The DLM Consortium provides assessment results to all member states to report to parents/guardians, educators, and state and local education agencies. Individual Student Score Reports summarized student performance on the assessment by subject. Several aggregated reports were provided to state and local education agencies, including reports for the classroom, school, district, and state. No changes were made to the structure of aggregated reports during spring 2021. Changes to the Individual Student Score Reports are summarized below. For a complete description of score reports, including aggregated reports, see Chapter 7 of the 2014–2015 Technical Manual—Year-End Model (Dynamic Learning Maps Consortium, 2016b).

7.5.1 Individual Student Score Reports

Similar to prior years, Individual Student Score Reports included two sections: a Performance Profile section, which describes student performance in the subject overall and a Learning Profile section, which provides detailed reporting of student mastery of individual skills. A cautionary statement was added to the 2020–2021 Performance Profile and Learning Profile, which indicated that the 2020–2021 academic year was significantly impacted by the COVID-19 pandemic, and mastery results may have reflected the unusual circumstances for instruction and assessment. For more information on validity considerations and scoring and reporting in flexible scenarios, see (A. K. Clark et al., 2021).

Other minor changes to the Individual Student Score Reports included changing the ‘Conceptual Area’ heading in Performance Profile to ‘Area’ to match the ‘Area’ heading on the Learning Profile and adding the area code used in the Learning Profile to the labels used in the Performance Profile for consistency. EEs were reordered in the table in the Learning Profile to match blueprint order, and the hyperlink for the DLM website’s font was increased and moved to the footer before the copyright statement.

A sample Performance Profile and a sample Learning Profile reflecting the 2020–2021 changes are provided in Figure 7.1 and Figure 7.2.

Figure 7.1: Example Page of the Performance Profile for 2020–2021.

Example Page of the Performance Profile for 2020–2021.

Figure 7.2: Example Page of the Learning Profile for 2020–2021.

Example Page of the Learning Profile for 2020–2021.
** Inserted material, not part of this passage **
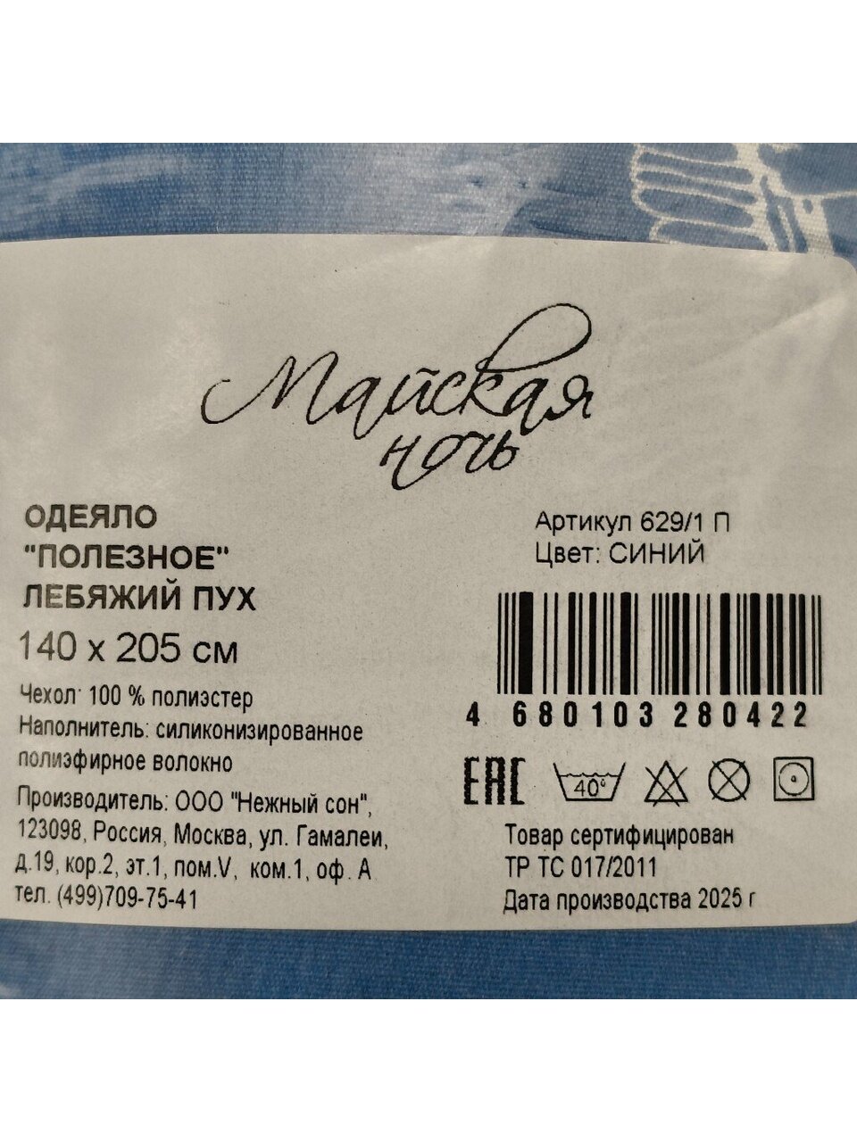 Наполнитель - 100% полиэстер.

7.6 Quality Control Procedures for Data Files and Score Reports

Changes to the quality control procedures were made only to the extent of accommodating the revised score reports for 2020–2021 (i.e., checking to be sure changes were correctly and consistently applied). For a complete description of quality control procedures, see Chapter 7 in the 2014–2015 Technical Manual—Integrated Model (Dynamic Learning Maps Consortium, 2016a) and Chapter 7 in the 2015–2016 Technical Manual Update—Integrated Model (Dynamic Learning Maps Consortium, 2017a).

7.7 Conclusion

Following the 2020–2021 administration, five data files were delivered to state partners: GRF, special circumstance code file, exited students file, teacher survey data file, and test administration observations file. No incidents were observed during the 2020–2021 administration, so an incident file was not needed. Overall, between 7% and 39% of students achieved at the At Target or Advanced levels across all grades and subjects. However, these results should be interpreted with caution due to the confounding factors of assessment administration changes and COVID-19. Lastly, minor changes were made to score reports to aid in interpretation.